* **Data shown**
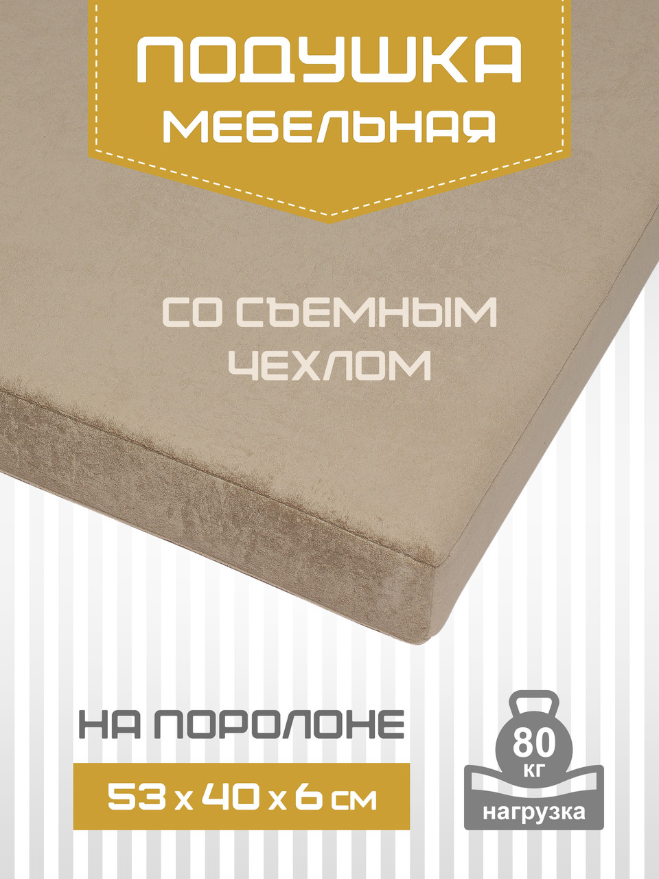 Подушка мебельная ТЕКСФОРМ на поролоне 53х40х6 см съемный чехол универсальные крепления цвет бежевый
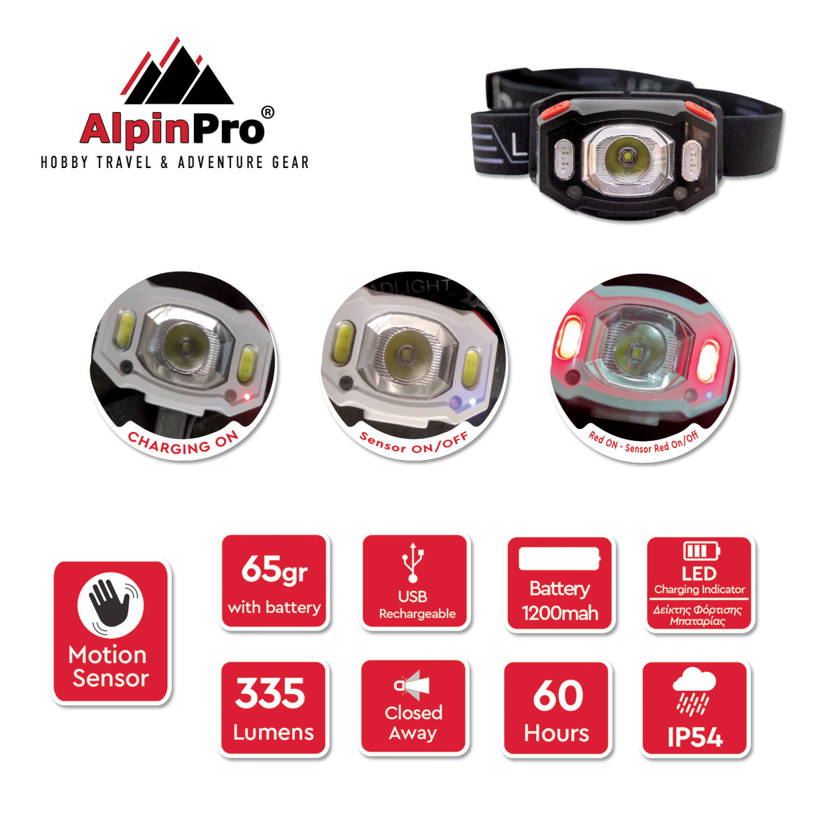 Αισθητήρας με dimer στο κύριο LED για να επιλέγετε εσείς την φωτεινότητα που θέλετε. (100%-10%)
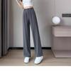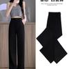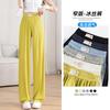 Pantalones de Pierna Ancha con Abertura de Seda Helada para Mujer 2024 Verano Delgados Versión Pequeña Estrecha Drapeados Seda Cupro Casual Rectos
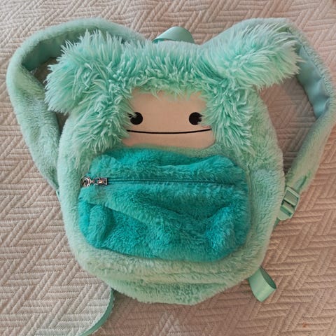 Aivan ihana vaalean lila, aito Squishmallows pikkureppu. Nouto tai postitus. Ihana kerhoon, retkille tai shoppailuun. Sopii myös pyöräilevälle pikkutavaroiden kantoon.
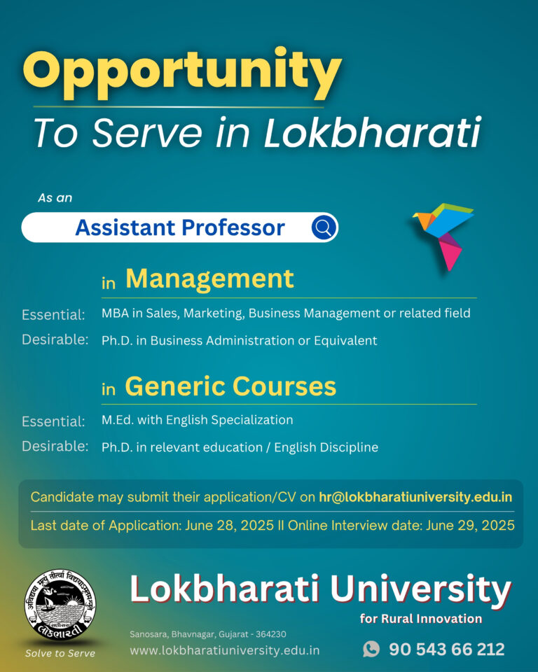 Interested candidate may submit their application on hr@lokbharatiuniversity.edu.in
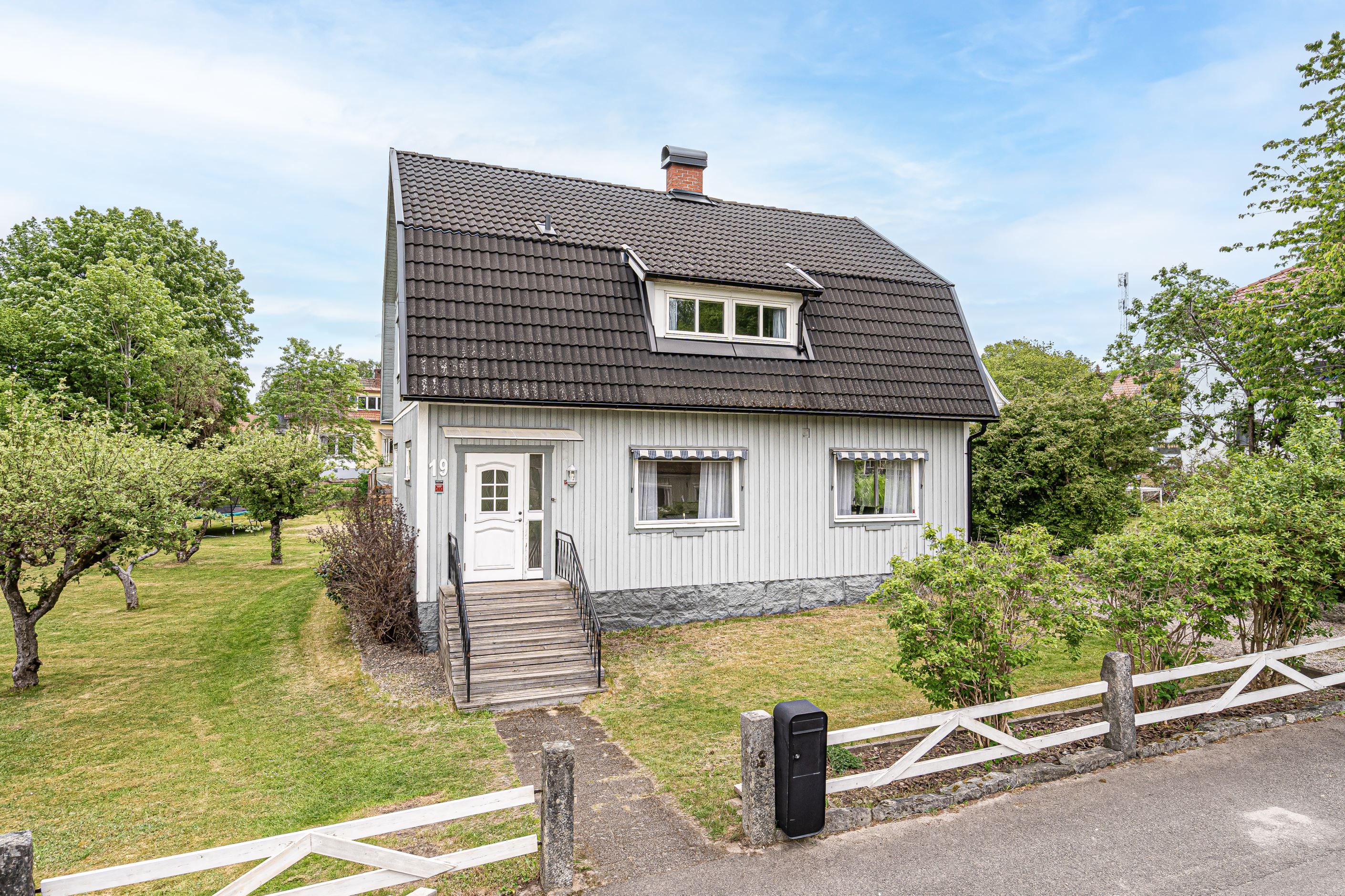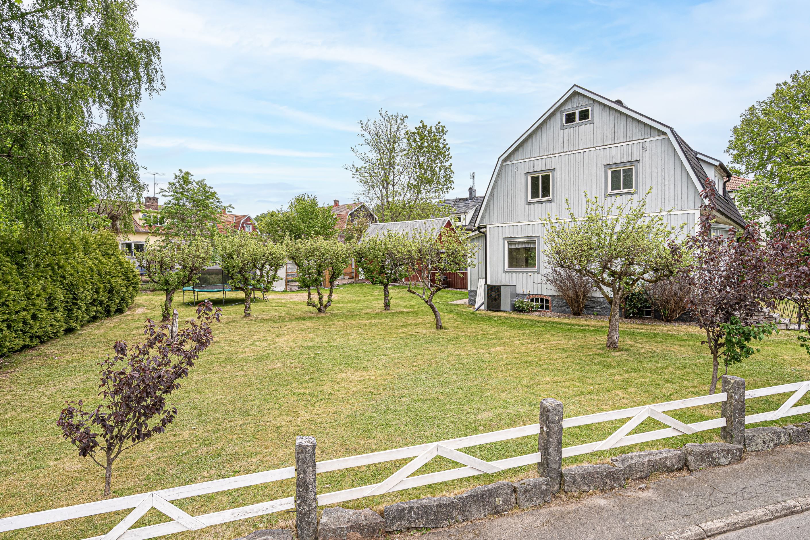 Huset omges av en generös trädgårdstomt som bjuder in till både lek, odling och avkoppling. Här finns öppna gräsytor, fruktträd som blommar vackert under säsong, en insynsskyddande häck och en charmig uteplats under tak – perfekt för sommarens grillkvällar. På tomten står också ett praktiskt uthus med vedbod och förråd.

---

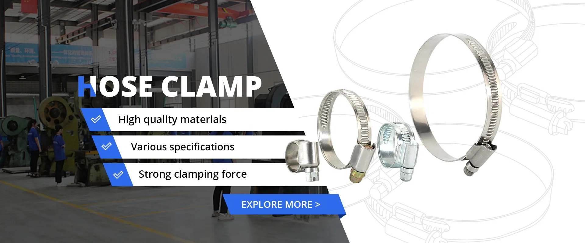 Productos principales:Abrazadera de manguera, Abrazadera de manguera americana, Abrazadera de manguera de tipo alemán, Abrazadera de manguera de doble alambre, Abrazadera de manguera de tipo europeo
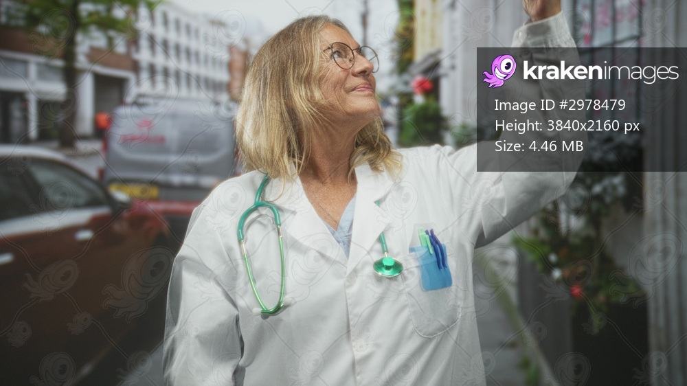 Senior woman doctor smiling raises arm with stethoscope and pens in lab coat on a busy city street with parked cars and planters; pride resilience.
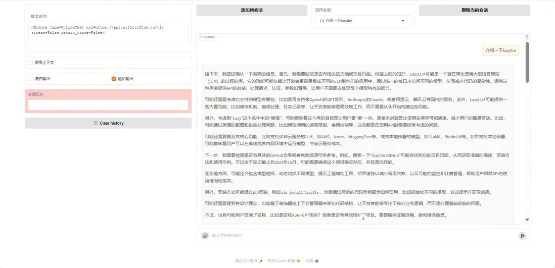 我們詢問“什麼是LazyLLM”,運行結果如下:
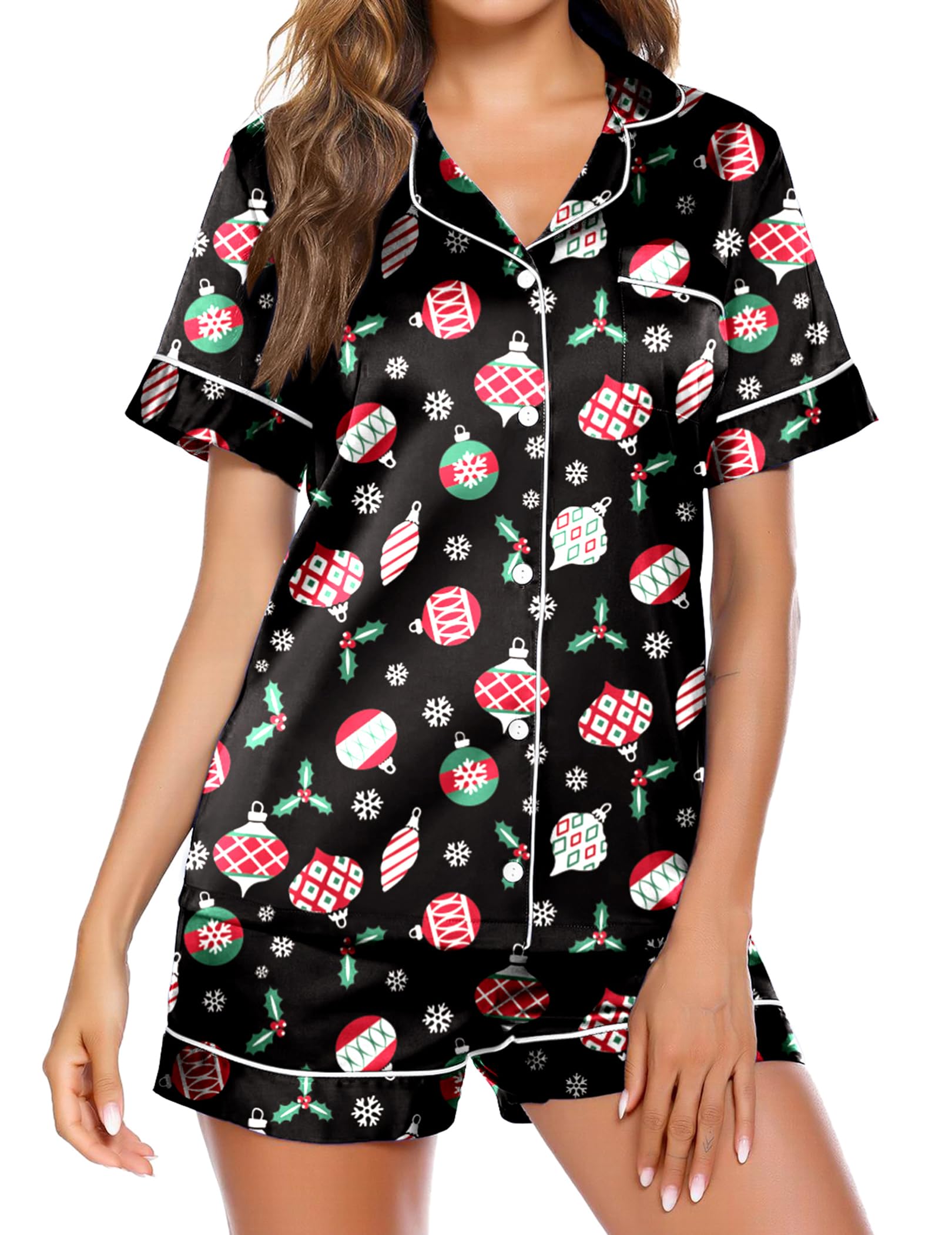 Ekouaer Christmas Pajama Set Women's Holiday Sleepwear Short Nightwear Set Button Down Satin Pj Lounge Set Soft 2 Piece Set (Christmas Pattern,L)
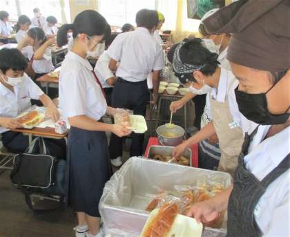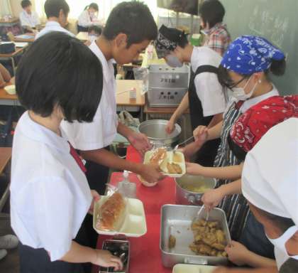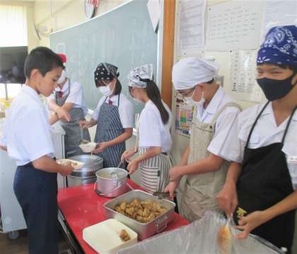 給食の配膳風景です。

---

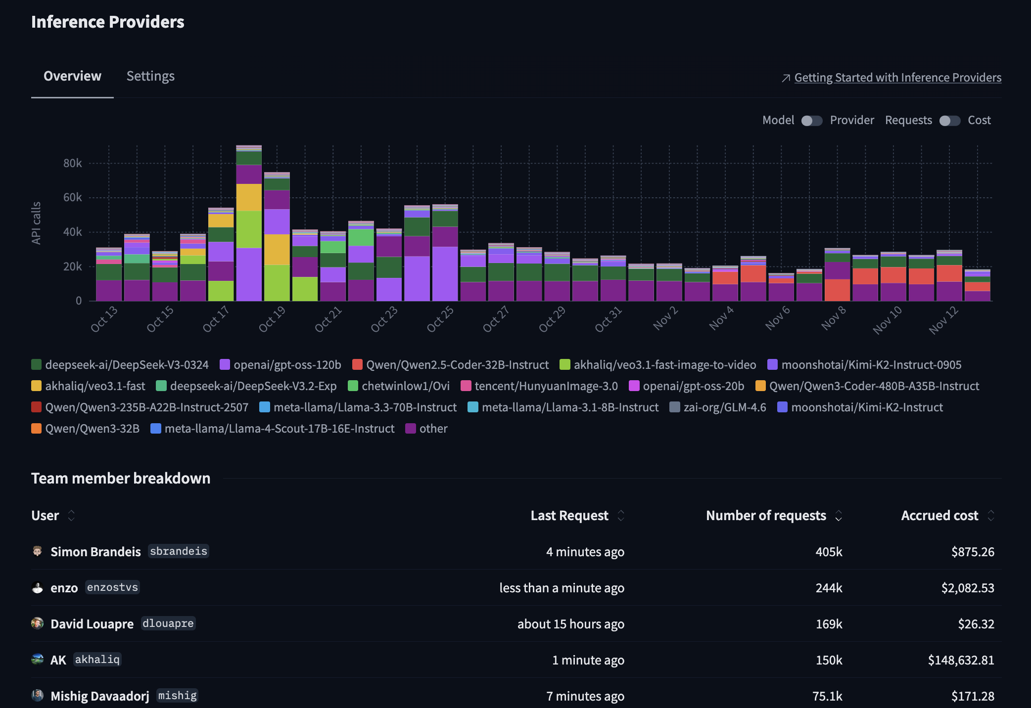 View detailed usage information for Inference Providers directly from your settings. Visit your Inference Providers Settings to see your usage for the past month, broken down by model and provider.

* **Brief**
Copy the lines above between the one holding "Αισθητήρας με dimer" and the one holding "Pantalones de Pierna", inclusive. Drop the pictures.

* **Exercise answer**
 Αισθητήρας με dimer στο κύριο LED για να επιλέγετε εσείς την φωτεινότητα που θέλετε. (100%-10%)
 Pantalones de Pierna Ancha con Abertura de Seda Helada para Mujer 2024 Verano Delgados Versión Pequeña Estrecha Drapeados Seda Cupro Casual Rectos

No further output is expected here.